At times, the conflicts begin to feel a little bit repetitive; some new structural issue has come up in the renovation, a character doesn’t have the emotional capability to be honest about an issue in their life, or, and this is a big one, someone can’t figure out what exactly should go on the menu. Food is tough! Still, just like in season one, The Bear is so much fun to watch. Dialogue dances between drama and comedy with ease (after a minute or two of Nat’s slow-zoom monologue, we learn she’s baring her soul to a random plumber), and the chemistry of the cast is undeniable (every scene between Carmy and Syd is layered and electric).

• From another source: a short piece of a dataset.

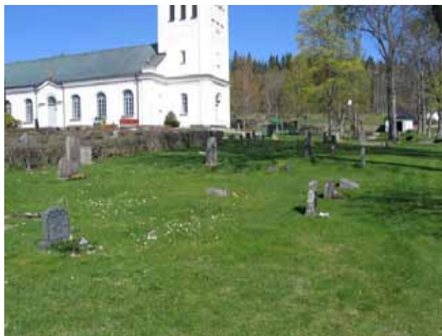
Kvarter A från sydost. (KI Lönneberga kyrkog 019)

Kvarteret är beläget i sydöstra delen av kyrkogården. Här finns idag 45 gravvårdar varav flertalet är linjegravplatser. I hela kvarteret beräknar man att det ska finnas plats för 100 kistgravplatser. Det gör att det idag finns en hel del outnyttjad yta. Planer finns på att göra om kvarteret till ett urnområde.

While the cast figures out their hopes and dreams, this season also seems to ask why Carmy might choose to stay in this industry that has been so utterly destructive for him. Is it obsession or passion? Fun or fear? Purpose is the idea that floats above these episodes, just out of sight. In fact, the premise is set up in the first 10 minutes of episode one. A lost-looking Richie confesses to Carmy that he doesn’t feel the grounding that Carmy feels from cooking. “You love all this shit,” he says. “It’s fun for you.”

“This shit’s not fun for me,” Carmy replies. ”When you love something, it’s not always fun.”

These are questions applicable to the real-world restaurant world too. Food is an undeniably scary industry in which to work, (trust me, I’m speaking from firsthand experience). There are a thousand things that can go wrong, even as a million others somehow, miraculously line up perfectly—as Syd discovers for herself. A partnership can go south, you can face insurmountable staffing issues, a team of servers can be less than perfect. Even when all those things work out, a restaurant can still end up closed—okay, I’m bumming myself out here. The point that season two of The Bear makes, though, is that navigating this minefield of risks is the price we pay to create something greater than ourselves. Are the potential pitfalls worth the reward? That’s for Carmy and his team to figure out as they braise, sauté, and broil their way through their issues as usual.